Driving home with the sun blazing, burning our arms and thighs through the car windscreen, we were hot and bothered but not beaten. We collated our thoughts, went through the pros and cons of renovating and decided we should try for a place that had most of the hard work done already.

And we knew just the one: a gorgeous little terrace in Lewisham with a manicured secret garden and covered deck off the second bedroom overlooking said-oasis. Painted and primed we could move in and be blissfully happy. Now we just needed to nab it for $606K.
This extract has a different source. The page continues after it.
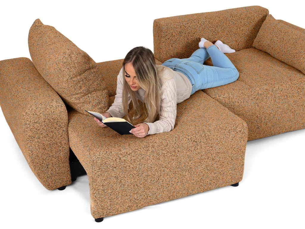 Az ágyneműtartóst kanapét úgy tervezték, hogy maximális kényelmet és hosszú élettartamot biztosítson. A Puente szövet rendkívül kellemes tapintású, puha és elegáns, finoman texturált felülete természetes, otthonos hatást kelt. A váza tömör fa és bútorlap kombinációjából készült, ami stabilitást és hosszú élettartamot garantál. A Bonell rugók és a T30-as hab (keménységi fok: 4/6) gondoskodnak a kényelmes, de megfelelő alátámasztásról. Szép kidolgozottsággal rendelkeznek a háttámlák és a kartámlák is, melyek a hab töltetnek köszönhetően hosszabb ülés során is komfortosak maradnak. A 3,5 cm magas, erős műanyag lábak stabilitást biztosítanak a kanapénak, és megkönnyítik a padló tisztán tartását is.
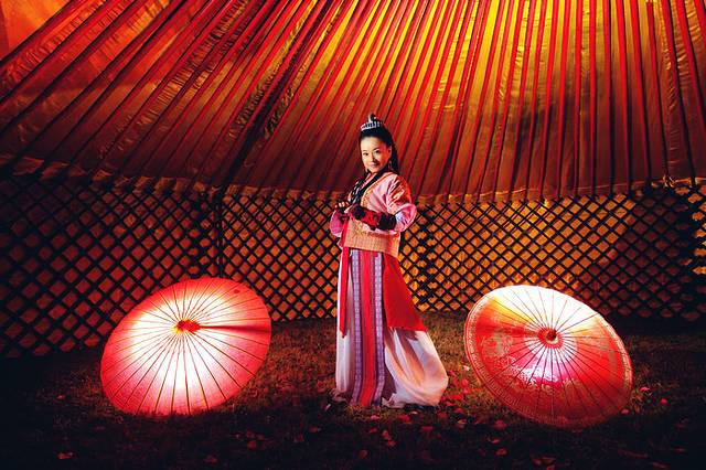 看到那里剧组景的蒙古包临时决定这造的,过了一把赵敏瘾

We scoped out an auction and scored oodles of advice – bid at the last hammer, up the last bid by $20K, make your final offer the night before – I honed all my positive energy into visualising our ‘win’. Then last night the realtor rang to say the vendors had been made an offer above their reserve and they were cancelling the auction; did we want to make a counter offer?

With a heavy heart I knew our offer wouldn’t make the cut. And while my head tells me it’s better to find out now so we’re free to spend Saturday looking at more realistic options, the ever-positive part of me that had already mentally moved my wardrobe into the master bedroom of Number Four St John’s Street took the blow to heart.

Never have I ever had so much money to spend on just one thing and never have I ever felt so low about it. Maybe we should take the money and run away to Europe, travel by gondola, eat and shop like the minted…

But we wouldn’t. So we wait the week out and march on come Saturday. Another eight places to view, another eight floor plans to rework. Yep, I feel the power coming back, my spirit rising.

We’ll beat the odds and find a place within six months. It’s just shopping, after all.